Любаша, конечно, понимала, о чём идёт речь. Она и сама не раз думала об этом, хотя с течением времени всё меньше верила она в возможность такой встречи и думы её были более мечтаниями юной девицы о счастье с этим человеком... которого ей показала судьба и тут же как будто отняла навек, хотя с течением дней она всё менее верила, что Густав вообще был в её жизни, а не приснился прошлой осенью... она пыталась представить себе, нарисовать в грёзах новую встречу, такую, как сегодня, и дальнейшую жизнь нарисовать с этим человеком, захватившим её сердце, или с таким, как он... возможна ли такая жизнь? Поскольку любила она сильно, верила Люба, что и встреча такая не за горами, и считала, что возможна такая жизнь — с любимым, единственным, настоящим, который для тебя есть свет и смысл. Однако в ту минуту, когда надо было принять решение и дать любимому ясный ответ, вдруг растерянность охватила её, не сомнения, нет, а растерянность, так как подумала она о родителях своих, которые уже совсем старики и им нелегко будет без неё, молодой хозяйки в имении, и о братике подумала, о Винцусе, который ещё совсем молодой и нелегко ему будет без неё, старшей заботливой сестрицы. И Любаша в нерешительности молчала.

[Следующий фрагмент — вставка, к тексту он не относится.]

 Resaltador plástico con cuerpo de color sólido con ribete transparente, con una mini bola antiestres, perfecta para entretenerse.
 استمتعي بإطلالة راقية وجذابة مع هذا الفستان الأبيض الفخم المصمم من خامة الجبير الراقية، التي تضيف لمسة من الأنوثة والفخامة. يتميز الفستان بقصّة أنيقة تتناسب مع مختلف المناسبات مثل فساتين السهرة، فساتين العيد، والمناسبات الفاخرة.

Видя, что девушка молчит, и принимая во внимание чуть более опытного, чем она, человека причины её молчания, ибо не надо быть семи пядей во лбу, чтобы понять, — сколь важное решение должна она принять, сколь много всего обдумать, сколь много обстоятельств учесть и сколь со многими грядущими изменениями в своей жизни свыкнуться, — капитан Оберг поспешил сказать, что не торопит её с ответом. Он бы, пожалуй, удивился сильно, может, даже поразился легкомыслию своей возлюбленной, если бы услышал утвердительный ответ тотчас. Но она совсем не похожа на легкомысленное дитя... Нет-нет, он всё понимает.

— Вот луна сегодня — идеально круглое блюдце, — сказал он, кивнув на показавшееся за лесом ночное светило. — А завтра уже будет на ущербе. И завтра же, когда ущербная луна явит миру лик свой, я буду на этом же месте с лошадьми. Пусть будет ущерб сей — как время отсчёта. К новой луне нам надо быть в Риге...

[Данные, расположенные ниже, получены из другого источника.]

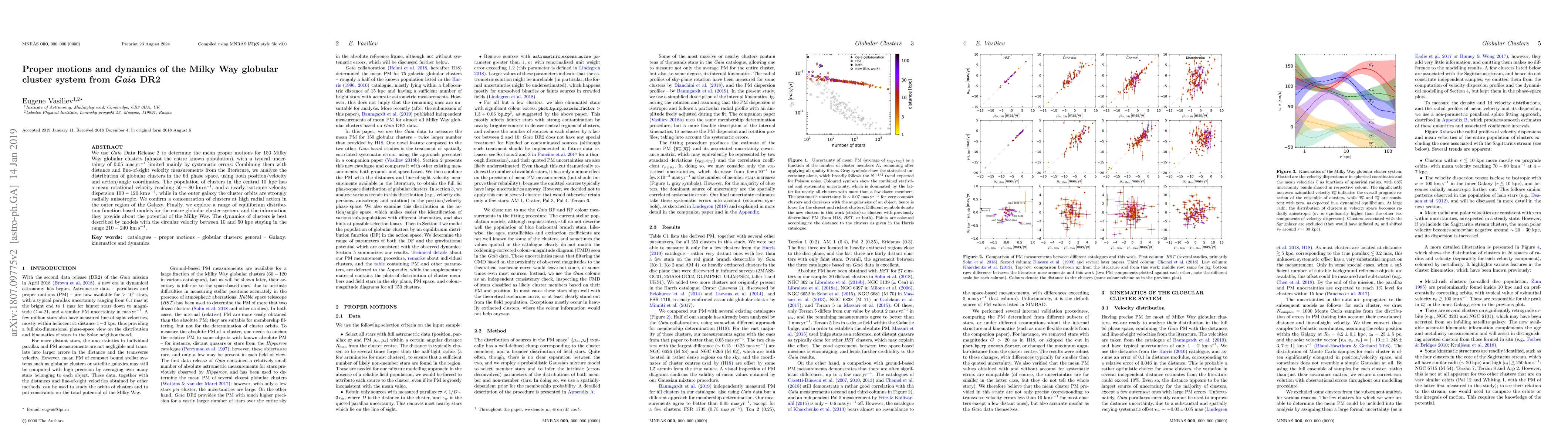 Gaia DR2 provides mean proper motions for nearly all Milky Way globular clusters, revealing a central population with rotational velocities of 50-80 km/s and isotropic dispersions of 100-120 km/s, while outer clusters exhibit radially anisotropic orbits. Models suggest a circular velocity of 210-240 km/s for the Milky Way's potential.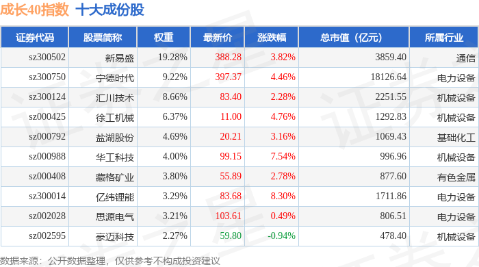 成长40(399326)指数十大成份股详情如下:

В нерешительности Любаша пребывала недолго. Известно: для девушки на выданье семья — всего полмира, а суженый — весь мир. Без неё, конечно, родным трудненько придётся, но, поплакав да повздыхав, они привыкнут. А ей без милого — как без воздуха — погибель. И она поняла это так отчётливо, что стало ей одновременно и страшно, и легко. Страшно потому, что только представила: могла бы не встретить она своего Густава в этой жизни, могла бы и годы смотреть в окошко, сидя на постылом сундуке с приданым, перебирать равнодушным взором женихов — без искры, без трепета сердечного, без тепла в душе и голосе. А легко потому, что всё так удачно для неё сложилось (пусть и война, пусть и беда, и смерть, и огонь, и кругом разруха), что встретила Люба его — и вовремя встретила — в тот самый миг, когда для него зацвела...

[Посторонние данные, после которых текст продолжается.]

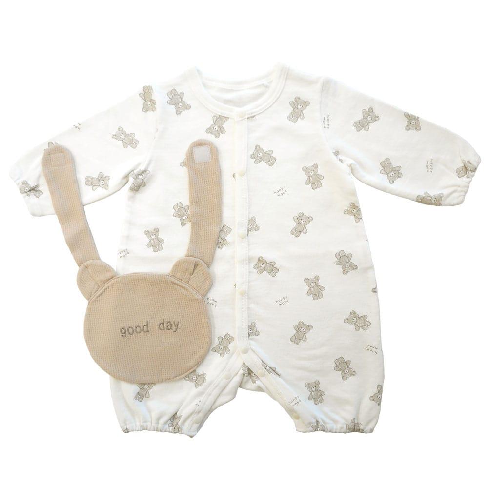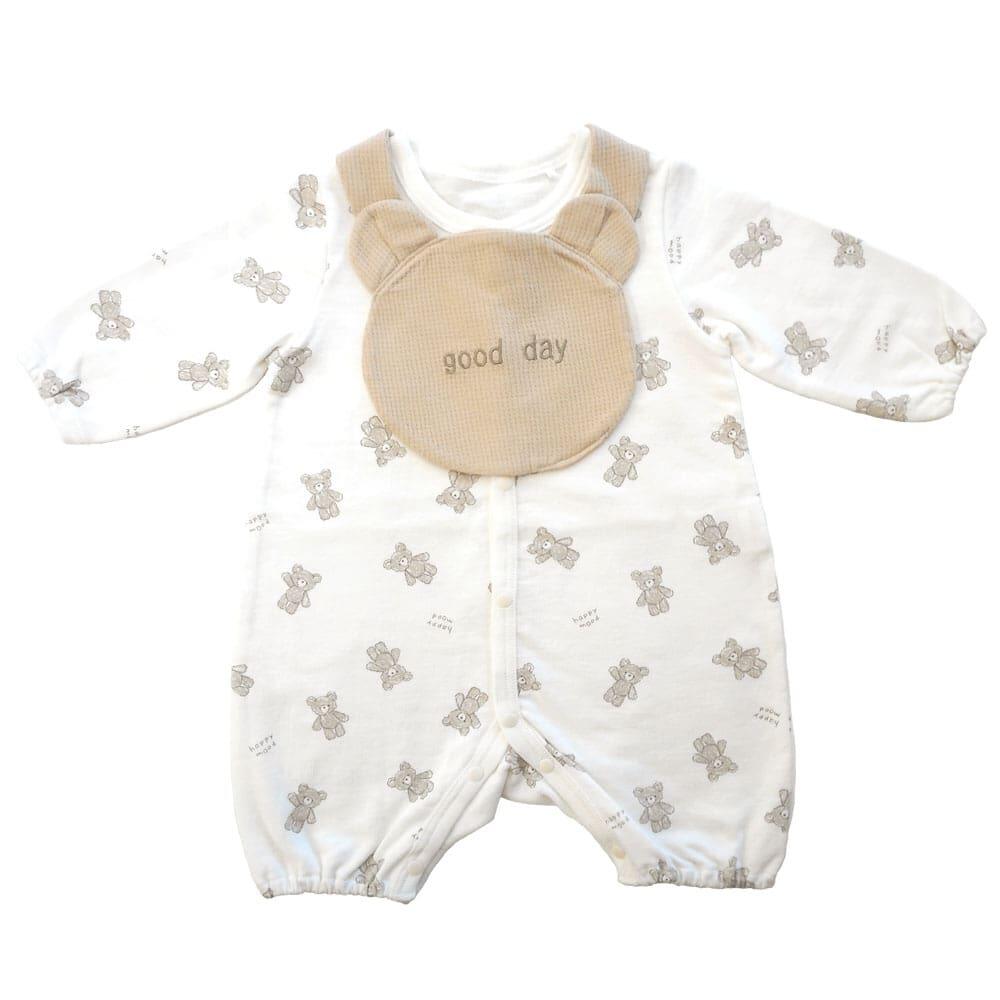 長袖ミニオール スタイ付き くま(ライトベージュ×50-60cm)

Поэтому, ночку у себя в светёлке проплакав, всё утро прогрустив, а днём с домом и жизнью своей прежней попрощавшись, Николаю Чудотворцу, старинному образу верному, намоленному, помолившись, вечером написала Любаша родителям письмо про любовь свою и про погибель без любимого, положила письмо под подушку, чтоб не сразу нашли, и с приходом сумерек, с явлением из-за леса ущербной луны была она уже вблизи условленного места, грустная она к любимому по тропиночке шла — сама как ущербная луна...

Но мигом прошла её грусть, когда увидела любимого своего Густава; лучик света как будто мелькнул во тьме: вышел он ей навстречу из тени ветлы и вёл за собой под уздцы двух лошадей. Сильными руками Оберг подхватил её. Ах, как горячи были его губы! И от голоса его, от шёпота как вскружилась голова!.. В седло он её подсадил, жарким плащом покрыл, счастливо засмеялся. И спустя минуту рысью скрылись они в ночи...

Рассветная роса в листьях вереска... не ты ли это?


Только вчера мы расстались с ними — с Любашей и Густавом, с влюблёнными, украсившими чувством высоким этот мир и наше скромное творение, плетение словес в мысли и речи, — но скучали по ним очень и решили сегодня опять на них взглянуть, ведь, сотворяя роман сей, только мы и вольны обращать взор свой туда, куда душе угодно, и гулять там, где сердцу приятно. И увидели их уже не на конях, бегущих по ночному полю рысью, а в походном военном шатре, рано утром, — ещё солнце не взошло, — увидели их на широком супружеском ложе...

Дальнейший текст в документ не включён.